Re: fsck.ext3 on large file systems?

2008-03-27 Thread Michael Hannon
On Thu, Mar 27, 2008 at 06:56:17AM -0600, Stephen John Smoogen wrote:
 On Wed, Mar 26, 2008 at 7:34 PM, Michael Hannon [EMAIL PROTECTED] wrote:
  Greetings.  We have a lately had a lot of trouble with relatively large
   (order of 1TB) file systems mounted on RAID 5 or RAID 6 volumes.  The
   file systems in question are based on ext3.
.
.
.
   After the RAID array has completed its rebuild, we run fsck on the RAID
   device.  When we do that, fsck seems to run forever, i.e., for days at a
   time, occasionally spitting out messages about files with recognizable
   names, but never completing satisfactorily.
 
 
 fsck of 1TB is going to take days  due to the linear nature of it
 checking the disk. [ I think the disks for mirrors.kernel.org take
 many weeks to fsck.] The bigger question is what kind of data are you
 writing to these disks, and is the ext3 journal large enough for those
 writes?
 
 
   The systems in question are typically running SL 4.x.  We've read that
   the version of fsck that is standard in SL 4 has some known bugs,
   especially wrt large file systems.
 
   Hence, we've attempted to repeat the exercise with fsck.ext3 taken from
   the Fedora 8 distribution.  This gives us improved, but still not
   satisfactory, results.
 
 
 Did you recompile the binary from source, or did you use it straight?
 I am just wondering if fsck is dependant on some kernel particulars...

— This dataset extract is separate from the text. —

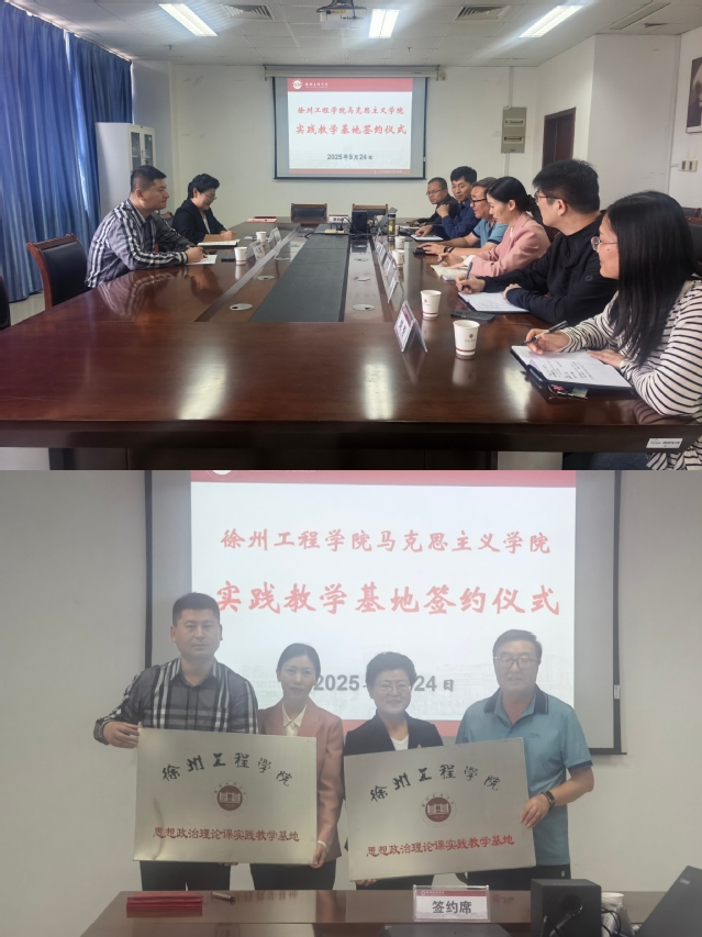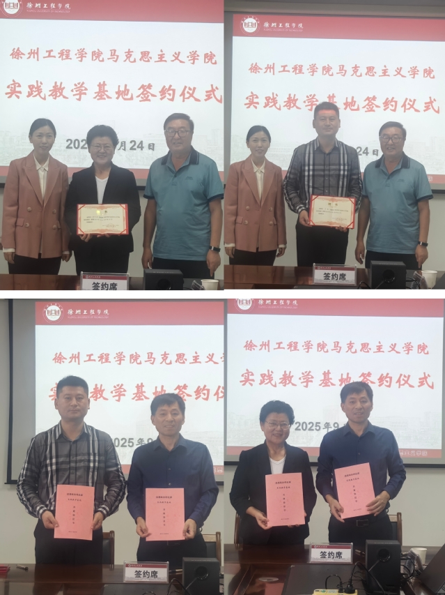 9月24日我院与运河支队抗日纪念馆、徐州市淮海新四军历史研究中心举行实践教学共建基地签约仪式。书记周慧、院长丁三青、副院长辛勤、运河支队抗日纪念馆胡军英馆长、徐州市淮海新四军历史研究中心理事长王龙及部分教师出席签约仪式。此次签约旨在深化校地合作,激活红色文化资源的育人价值,构建理论教学+实践体验的思政教育新模式。

We just used the binary straight.  Thanks, Stephen.

- Mike
-- 
Michael Hannonmailto:[EMAIL PROTECTED]
Dept. of Physics  530.752.4966
University of California  530.752.4717 FAX
Davis, CA 95616-8677


Re: fsck.ext3 on large file systems?

2008-03-27 Thread Michael Hannon
On Thu, Mar 27, 2008 at 05:06:53PM +0100, [EMAIL PROTECTED] wrote:
 On Thu, 27 Mar 2008, Stephen John Smoogen wrote:
.
.
.
 Hmm, we successfully fsck'd ext3 filesystems 1.4 TB in size frequently a 
 couple of years ago, under 2.4 (back then, it was SuSE 8.2 + a vanilla 
 kernel). This took no more than a few hours (maybe 2,3, or 4).  It was 
 hardware RAID, not too reliable (hence frequently), and not too fast ( 
 100 MB/s). A contemporary linux server with software RAID should complete 
 an fsck *much* faster, or something is wrong.

Hi, Stephan.  Yea, I think I must be doing something wrong here, but I
haven't been able to figure out what it is.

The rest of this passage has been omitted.